Но всё же, всё же… даже знакомая со множеством хтоноидов, видевшая то, что не укладывалось в рамки человеческого восприятия, она не могла уложить в свой опыт слишком многое из увиденного и перенесённого. Слишком многое было чересчур гротескным, как страшный сон после вечера запойного просмотра фантастических фильмов…
Её дали время переварить случившееся до вечера. Крепкая женщина закончила свою работу, оказавшуюся простого кроя платьем из грубой ткани, в которое насильно переодели Алтею из её лёгкого сарафана. А после…
После словно для ещё большего нагнетения всей той черни, которая щедро обрушилась на неё с момента, как она провалилась слишком глубоко в тень, Тею насильно провели в какой-то зал, где, словно какого-то диковинного зверя - или скорее птицу - заточили в узенькую клетку. Тонкие и очень прочные прутья болезненно врезались в кожу, стоило к ним даже просто прислониться. Чужое, незнакомое и непривычное одеяние, больше пугающее, чем унизительное пленение, и что страшней всего - чужие взгляды, кривление губ, резкие слова, которых не понять, но интонации которых словно бы были похожи на удары наотмашь или плевки в лицо…
Пожалуй, даже там, возле камина, ей было лучше. Там она хотя бы могла забиться в угол, пусть там была весьма условная защита. А здесь… прутья были недостаточно редкими, чтобы выскользнуть -- но вот просунуть руку или палку - вполне. От этого Тень чувствовала себя даже в тяжёлом облачении как будто обнажённой, доступной - и совершенно незащищённой…
И словно всего этого было мало, её решили дополнительно запугать. Явившийся человек, чуть более чистый, и сильно более пугающий, чем остальные, то ли своим взглядом, то ли какой-то более резкой и властной статью, видно решил наладить контакт с пленницей. И сделал это максимально наглядно.

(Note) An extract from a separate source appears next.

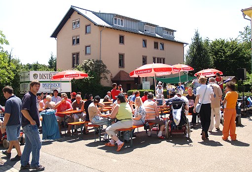 Im Erlebnisparcours unter den kühlen Linden konnten die Gäste ihre Kletterkünste unter der fachkundigen Anleitung von Mitarbeitern der Schwarzbach Schule beweisen, und ein Luftballonwettbewerb wurde besonders gerne von Kindern und Bewohnern der Johannes-Anstalten angenommen. Mit einer Lamaführung bereicherte das "Abenteuerland" der "Villa Bröckelstein" das Programm, und im nahen Klangzelt genossen die Gäste ein interessantes Experimentierfeld mit allerhand selbstgebastelten Musikinstrumenten.

Карие глаза девушки раскрылись в ужасе, пока она смотрела на чудовищную судьбу несчастной птицы. В ответ на выразительный взгляд мужчины она издала только сдавленный стон и ещё сильнее сжалась на полу, прижала колени под самый подбородок, глядя на него блестящими глазами - и в то же время сдерживая слёзы и всхлипы из опасения рассердить способного на подобное человека.

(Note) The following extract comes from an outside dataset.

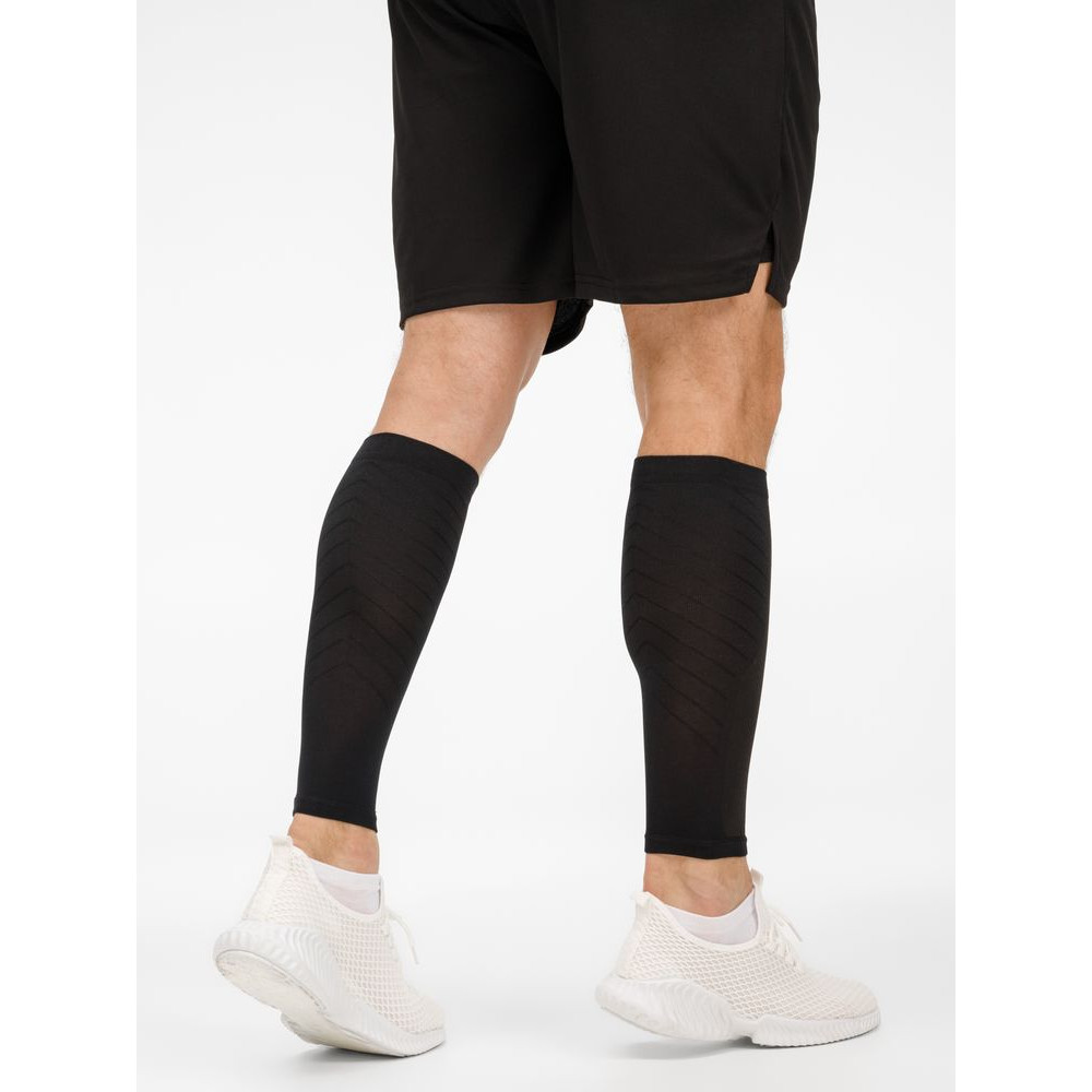 Резинки с улучшенными эргономичными свойствами не пережимают зону под коленом, делая тренировки комфортнее. Эффект компрессии улучшает циркуляцию крови и способствует более активному притоку кислорода к мышцам. В отличие от медицинского компрессионного трикотажа градиент давления гетр Veloxi рассчитан специально на спортивные нагрузки.

Довольный произведённым эффектом, он кивнул и вышел. Тень же уронила лицо в ладони, в тихом отчаянии гадая, как так могло получиться? За что её?! Что с нею будет?!
“Господи… пожалуйста… хоть кто-нибудь, спасите… Сестра… Рэйчел… пожалуйста… Хэд, найди меня, спаси…”

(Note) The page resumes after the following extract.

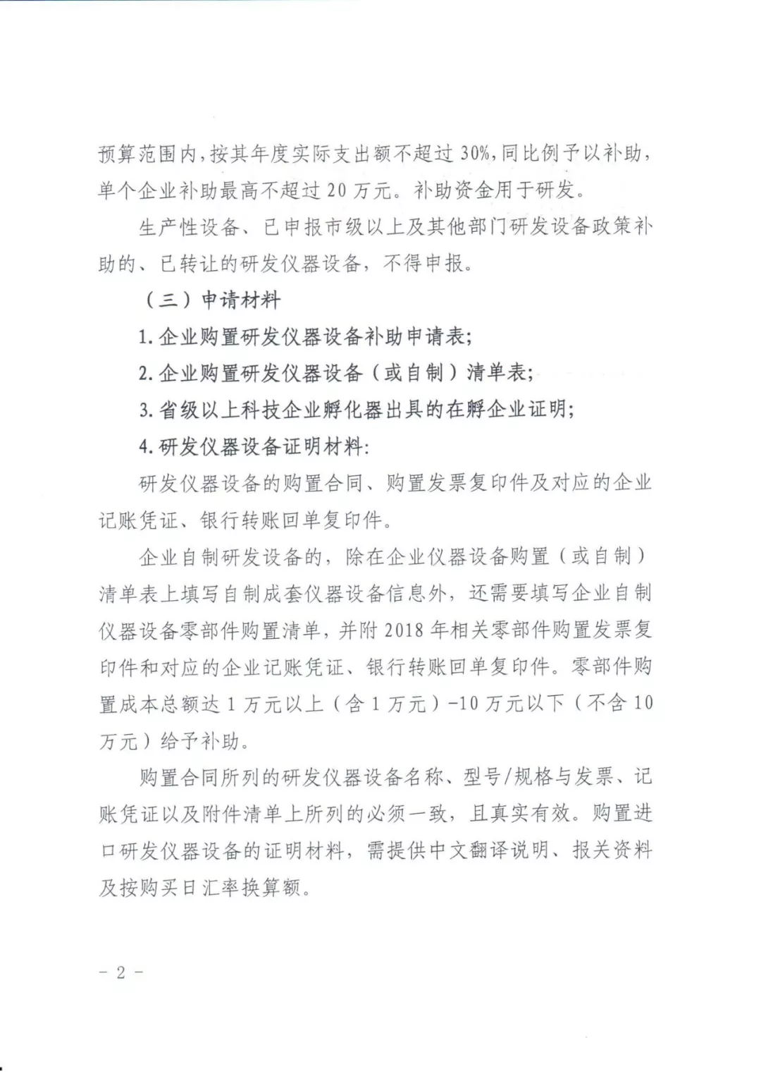 對2018年購置或自制用于研發(fā)的關(guān)鍵儀器設(shè)備原值:1萬元以上(含1萬元)-10萬元以下(不含10萬元),按其年度實(shí)際支出額不超過30%予以補(bǔ)助,單個(gè)企業(yè)補(bǔ)助最高不超過20萬元。補(bǔ)助資金用于研發(fā)。

Она просидела в недвижности в таком положении, не замечая ничего вокруг, пока не услышала тихое покашливание. Испуганно вскинула глаза с дрожащими ресницами - и обнаружила уже не мага, но девушку, в которой впрочем находилось что-то из его требовательной пристальности во взгляде и решительности человека, находящегося вправе относиться к пленнице подобным образом. Эта твёрдость и яркая косметика, отметившая длинные ресницы и ярко-напомаженные губы, озадачила Тею, попытавшуюся определить её возраст. Вроде не очень высокая, стройная, даже худоватая - если не щуплая, но в более ярких и эффектных одеяниях, нежели одежда на самой Тее. Девушка держалась столь прямо, что, во-первых, в том казалась некоторая искуственность или напряжённость, а с другой - было отчётливо видно, насколько не оформилась ещё её угловатая и не лишённая детскости фигура.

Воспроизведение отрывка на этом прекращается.